114.114.114.114 — внешний регистрационный центр компании
написать кронтаб
crontab -e
*/5 * * * * ~/reg.sh
Выполняется каждые 5 минут, что означает регистрацию или получение запроса на изменение каждые 5 минут. Если конфигурация сервера не изменится, служба не будет перезапущена.
frp запускается при загрузке
linux
chmod +x ~/frp/frp.sh
vi /etc/rc.d/rc.local
#文件底部追加
bash ~/frp/frp.sh
chmod +x /etc/rc.d/rc.local
#重启即可
Содержание упрощенной версии frp.php выглядит следующим образом.
<?php
$filename=$_GET['file'].'.ini';
$filename='frp/'.$filename;
if(!file_exists($filename)){
file_put_contents($filename,"");
file_put_contents($filename.'.update',$_SERVER['REMOTE_ADDR']);
}else{
if (!file_exists($filename.'.update')){
$str = file_get_contents($filename);
echo $str;
file_put_contents($filename.'.update',$_SERVER['REMOTE_ADDR']);
}
}
?>
.ini пример
[common]
server_addr = 114.114.114.114
server_port = 5443
privilege_token =密钥
[webserver]
type = tcp
local_ip = 127.0.0.1
local_port = 22
use_encryption = false
use_compression = false
remote_port = 7001
[a-web]
type = http
local_ip = 127.0.0.1
local_port = 80
use_encryption = false
use_compression = true
custom_domains = a.a.com
общая - это публичная часть
Веб-сервер использует технологию туннелирования для проникновения через локальный порт 22 на компьютер компании 172.0.0.2.

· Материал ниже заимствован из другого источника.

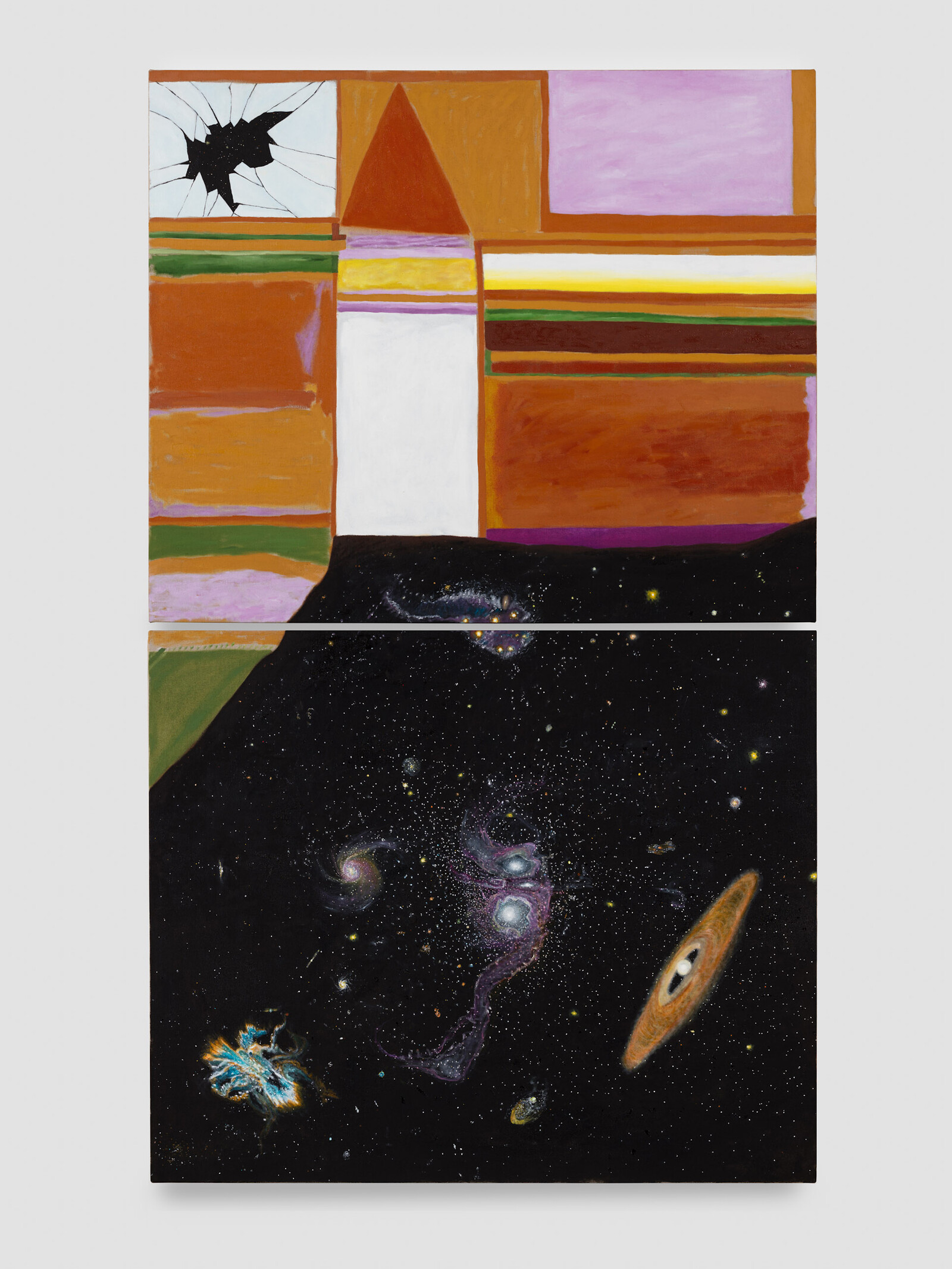 Leidy Churchman’s “The Between is Ringing,” at Rodeo’s Bourdon Street space, is a small, rewarding show of a dozen new paintings that range from smudgy abstraction to cartoonish exuberance. The work subtitled Diptych (all works share a main title with the exhibition and are dated 2020) comprises two oil-on-linen paintings, stacked one atop the other, depicting an abstracted living room that is also an existential void. The walls of this interior, which occupy the upper and left portions of the picture plane, are assembled from soft, Rothko-esque panels of ochre, tangerine, and candy-floss pink inset with bars of moss-green, flax-yellow, and white. Yet where the floor should be is a pictorial trap-door. It opens onto fathomless outer space, nebulae adrift in the twinkling void. A smashed window in the upper left corner suggests that this intrusion of cosmic scale into a domestic setting may be a violent one, but to someone trapped the same image would signal escape. Churchman’s intent may be to suggest that the difference is one of perception.
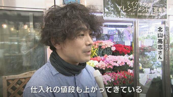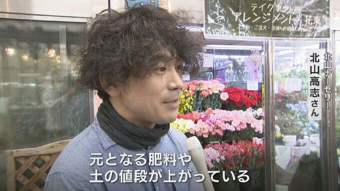 北山ナーセリー 北山高志さん:「元となる肥料や土の値段が上がってきているので、仕入れの値段もあがってきています。(Q:ギフトとしての値段も上がっている?)少しだけ上げさせていただいています」
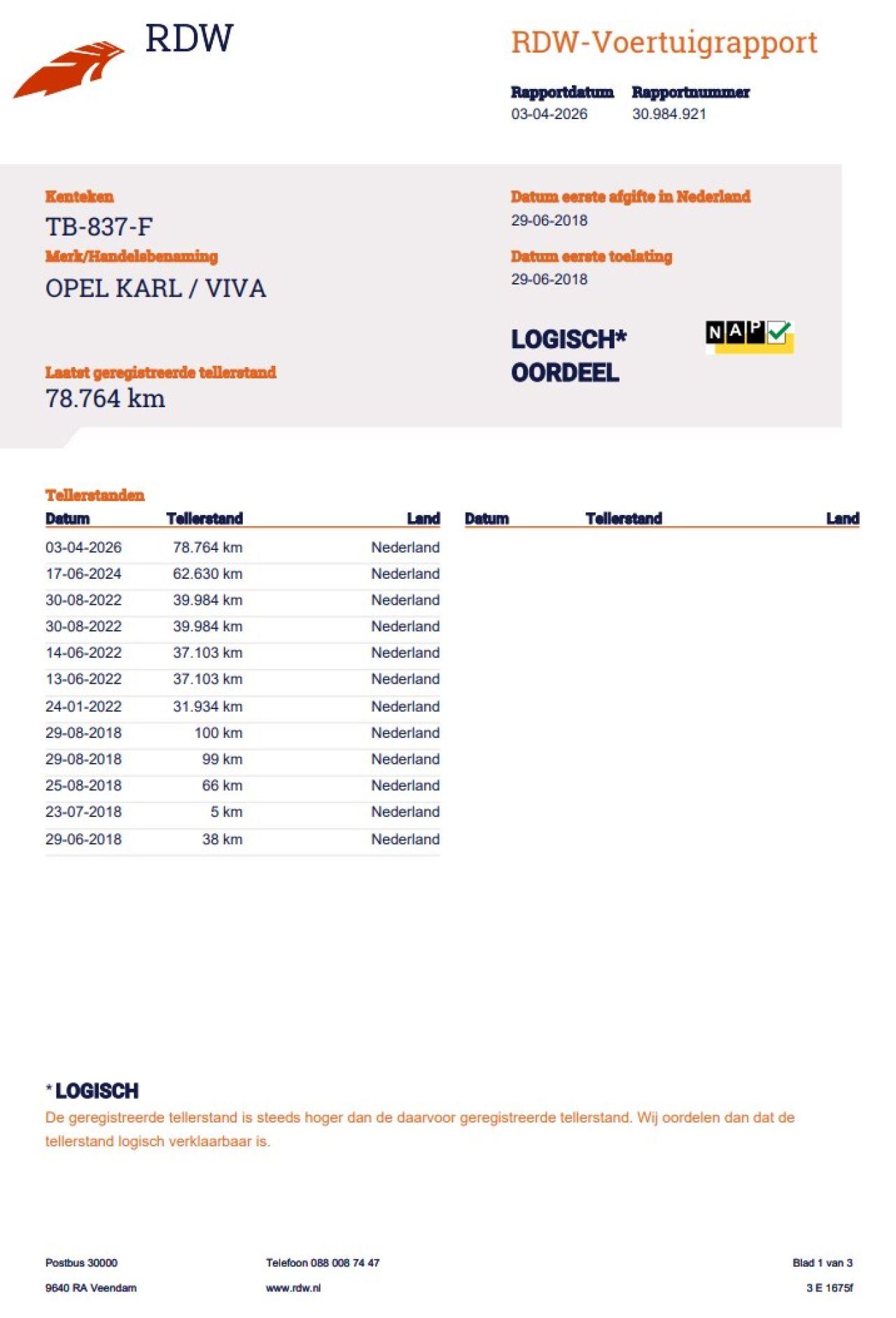 Verificación del kilometraje (NAP)
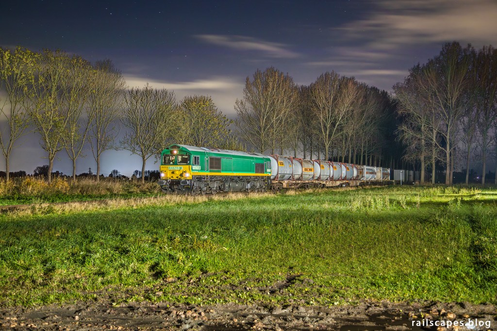 The Bertschi train from Sluiskil to Antwerp has become less visible again due to, well, no convergence between it’s timetable and the seasonal position of the sun. So I had to bring my own light to brighten up this chemical train. Talk about artificial.
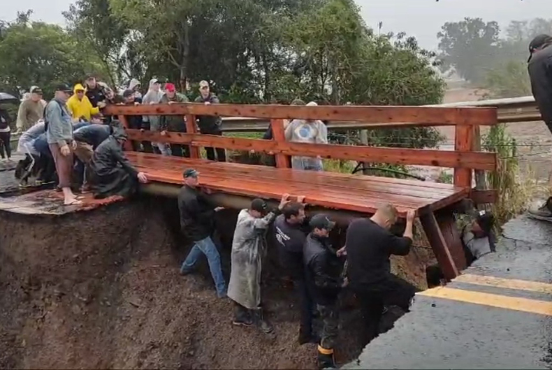 A passarela de madeira construída por moradores para permitir a passagem pela ponte sobre o Rio Pardo, no quilômetro 137 da RSC-287, no acesso a Candelária, gerou uma das cenas mais emblemáticas de tantas que a enchente já proporcionou. Após alertas da concessionária responsável pela rodovia de que a estrutura apresentava riscos, às 16h26 de domingo, Dia das Mães, um caminhão com cabos de aço acelerou sobre a pista enquanto a chuva fina insistia em cair. Em poucos segundos, a madeira foi arrancada e a cidade voltou a ficar isolada.
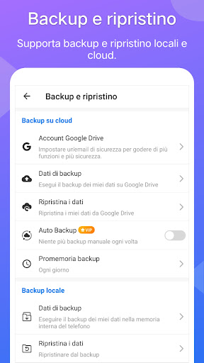 - Supporta backup e ripristino locali e cloud.

Машине интрасети нужен только доступ к порту 7001 из 172.0.0.2.
a-web — это URL-адрес прямого доступа к локальному 80-му порту во внутренней сети компании: a.a.com
На этом этапе мы можем получить удаленный доступ к машине и получить доступ к порту 80 машины.Теоретически мы можем получить доступ ко всем портам машины.Например, если проникает новый порт, нам нужно только изменить .ini.Это представляет собой упрощенную версию введения.
Затем подключитесь к Ansible для удаленного группового управления.
ansible
ansible — это автоматизированный инструмент для работы и обслуживания."Практика автоматизированной эксплуатации и обслуживания средств анзибл"
отображение экстрасети
Предположим, что экстранет компании — 114.114.114.114. Необходимо сопоставить порт 5443 114.114.114.114 с 5443 172.0.0.2 и не сопоставлять другие порты.
docker
Portainer
Смотрите мой другой пост в блоге«Сравнение платформ веб-управления Docker (DockerUI, Shipyard, Portainer, Daocloud)»
deploy
deploy разработан для нас самостоятельно, можно сослаться на лежащий в его основе принцип"план развертывания автоматического обновления пакета войны веб-проекта Java"
Суммировать
В этой статье в основном рассказывается об использовании технологии проникновения во внутреннюю сеть frp и технологии построения туннелей для развертывания операций и обслуживания машин без внешних сетей и портов; использовании инструментов ansible для достижения группового контроля; использовании докера для быстрого развертывания; использовании самостоятельно разработанного развертывания для версии. контроль и т.д.
Этот набор решений значительно сократил наши расходы на эксплуатацию и техническое обслуживание, позволив такой небольшой компании, как мы, вступить в эпоху отсутствия эксплуатационного и обслуживающего персонала и DevOps.
Если у вас есть подобный сценарий, я надеюсь, что эта статья поможет вам.